» **DATA BLOCK**
----

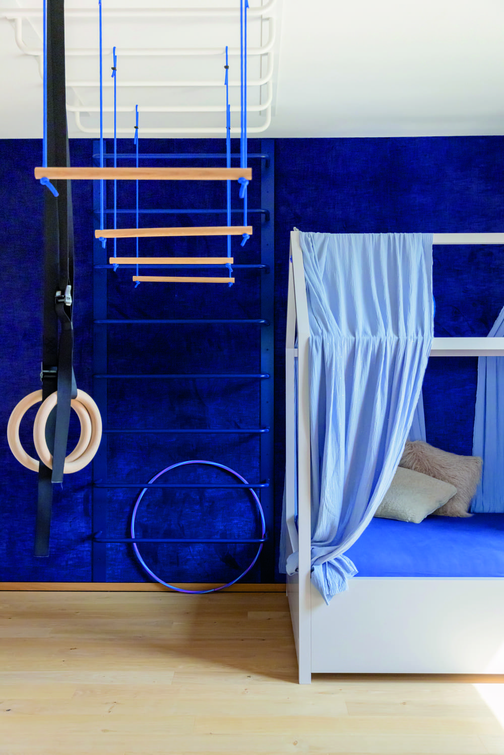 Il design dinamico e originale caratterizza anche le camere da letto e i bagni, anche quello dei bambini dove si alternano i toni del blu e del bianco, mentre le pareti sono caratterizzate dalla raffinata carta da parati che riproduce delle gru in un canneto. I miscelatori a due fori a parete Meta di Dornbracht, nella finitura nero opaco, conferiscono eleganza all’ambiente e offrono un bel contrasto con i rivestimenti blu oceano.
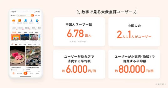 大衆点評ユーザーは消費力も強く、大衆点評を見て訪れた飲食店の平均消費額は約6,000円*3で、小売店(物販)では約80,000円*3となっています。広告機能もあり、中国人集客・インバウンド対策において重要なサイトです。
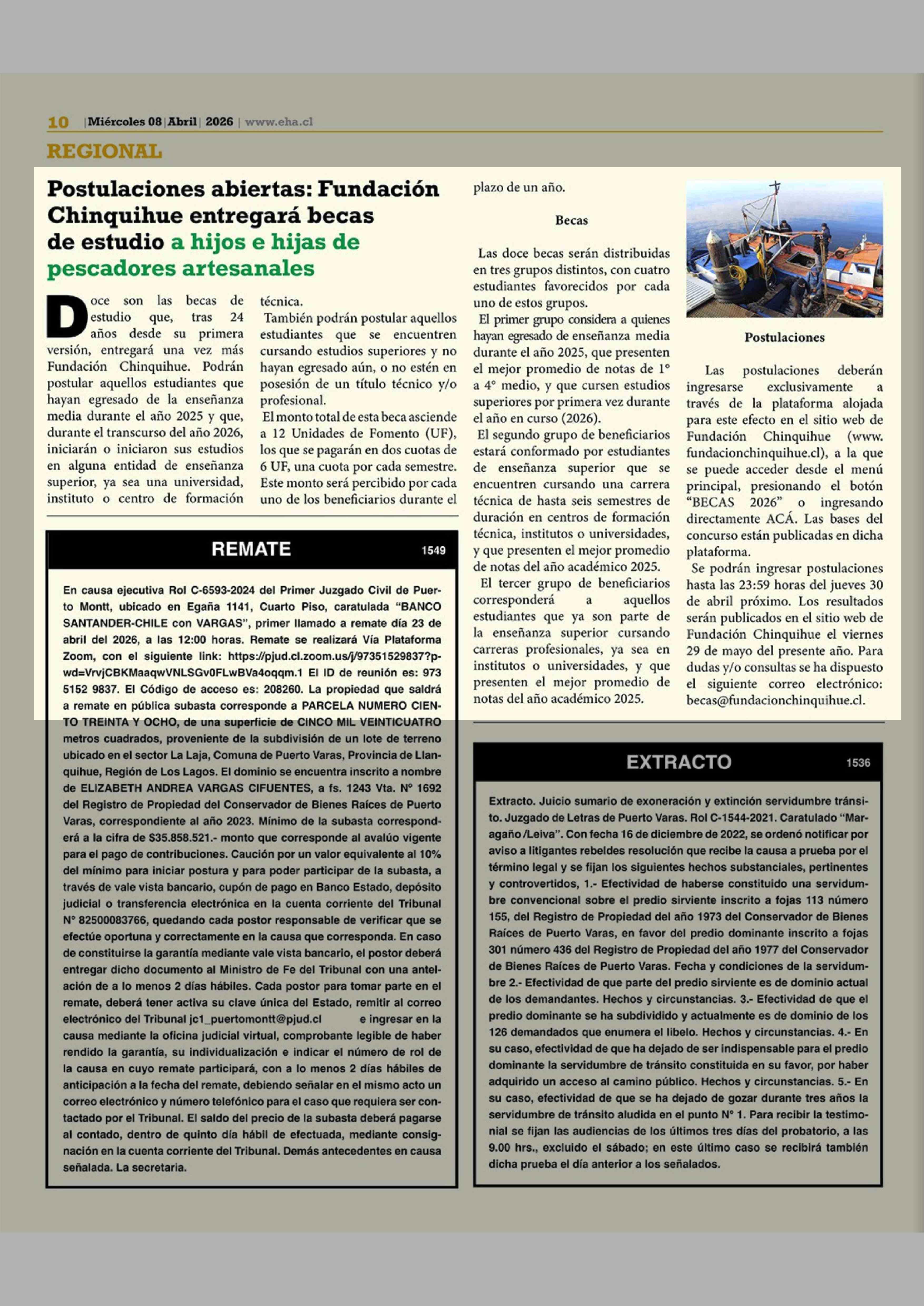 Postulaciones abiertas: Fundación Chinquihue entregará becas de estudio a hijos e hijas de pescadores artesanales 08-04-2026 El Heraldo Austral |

----

» **ACTIVITY**
Your answer must be only the lines from the one that holds "大衆点評ユーザーは消費力も強" to the end of the listing, each restated word for word, with both ends kept and pictures left out.

» **WRITTEN REPLY**
 大衆点評ユーザーは消費力も強く、大衆点評を見て訪れた飲食店の平均消費額は約6,000円*3で、小売店(物販)では約80,000円*3となっています。広告機能もあり、中国人集客・インバウンド対策において重要なサイトです。
 Postulaciones abiertas: Fundación Chinquihue entregará becas de estudio a hijos e hijas de pescadores artesanales 08-04-2026 El Heraldo Austral |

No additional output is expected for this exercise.